Christopher Nolan was the first filmmaker to come out against Warner Bros.’ controversial decision to dump their 2021 movie slate onto HBO Max, and he’s also been the most furious. Since then other directors, including Dune’s Denis Villeneuve, have joined him, calling the studio out for what they see as a short-sighted decision. Now Nolan is back to slamming Warner’s, and while he’s a little less keyed-up, he’s sticking with his guns.
Nolan’s beef isn’t so much that Warner’s is disrespecting the hard work of his cast and crew as it is that they’re missing out on making some serious dough. “The economics of it are unsound unless you’re purely looking at movements in share price, number of eyeballs on the new streaming service,” Nolan told NPR. “Theatrical is really only one part of what we’re talking about here. You’re talking about your home video window, your secondary, tertiary windows. These are things very important to the economics of the business and to the people who work in the business.”

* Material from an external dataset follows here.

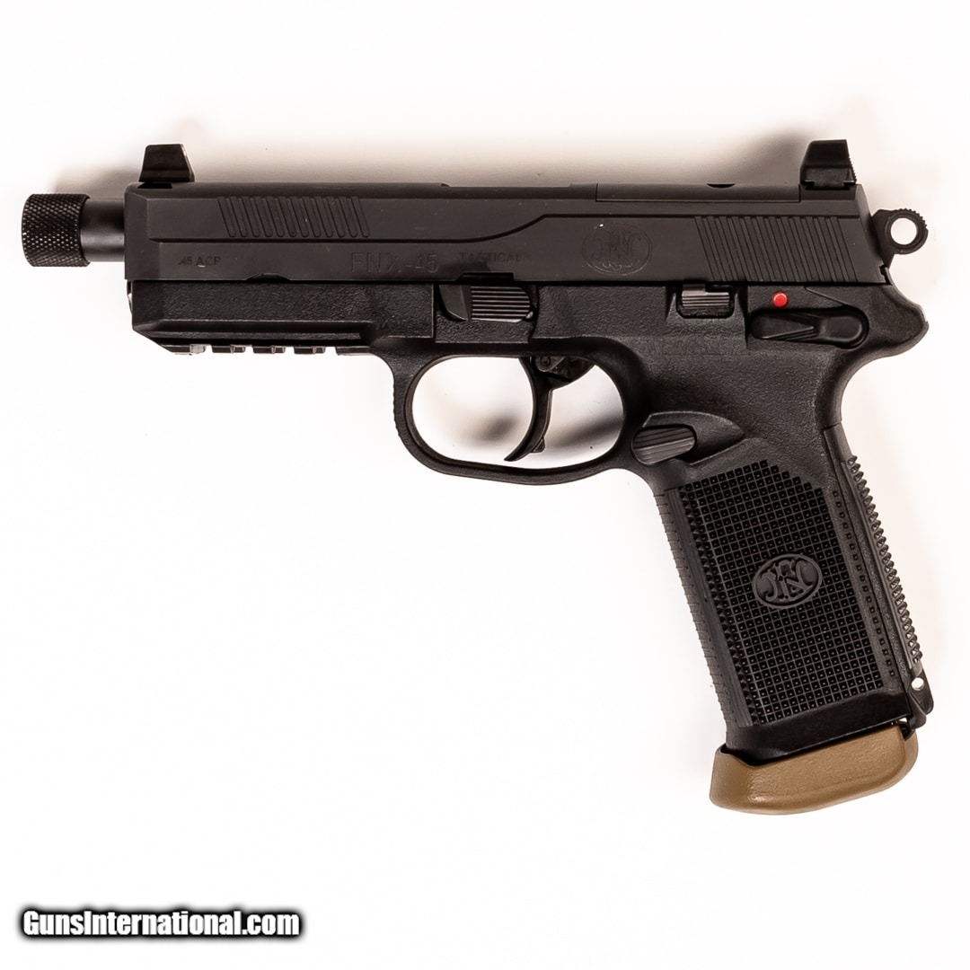 Description: Guns Listing ID: 528165 For sale is this FN FNX-45 Tactical, a semi-automatic handgun chambered in 45 ACP. It was designed for combat operations and will work well for self-defense, home defense, and duty use. This FNX-45 Tactical includes the original soft case, owner‚‚s manual, four 15-round magazines, backstraps, and optics plate SOLD Manufacturer: FNH Model: FNX-45 TACTICAL Caliber Info: .45 ACP Condition: Used - Certified Barrels: 5.3 BARREL Finish: BLACK |

Nolan was also worried about his crew, including those below-the-line employees who rely on huge productions, like Tenet and Dunkirk and more, to pay the bills and feed their families. “I’m talking about when I come on the set and I’ve got to shoot a scene with a waiter or a lawyer who has two or three lines,” Nolan explained. “They need to be earning a living in that profession, working maybe sometimes a couple of days a year. And that’s why the residuals structure is in place.”
He continued:
“That’s why the unions have secured participations for people down the line … “So when a movie is sold to a television station 20 years after it was made, a payment is made to the people who collaborated on that on that film. And these are important principles that when a company starts devaluing the individual assets by using them as leverage for a different business strategy without first figuring out how those new structures are going to have to work, it’s a sign of great danger for the ordinary people who work in this industry.”
It’s a more restrained — though no less impassioned — takedown of Warner’s decision than the one he made earlier in the week, where he called HBO Max “the worst streaming service.” (He was probably referring to its struggles to make a mark in the marketplace, not to its content, which is, frankly, the best and most diverse in the business.)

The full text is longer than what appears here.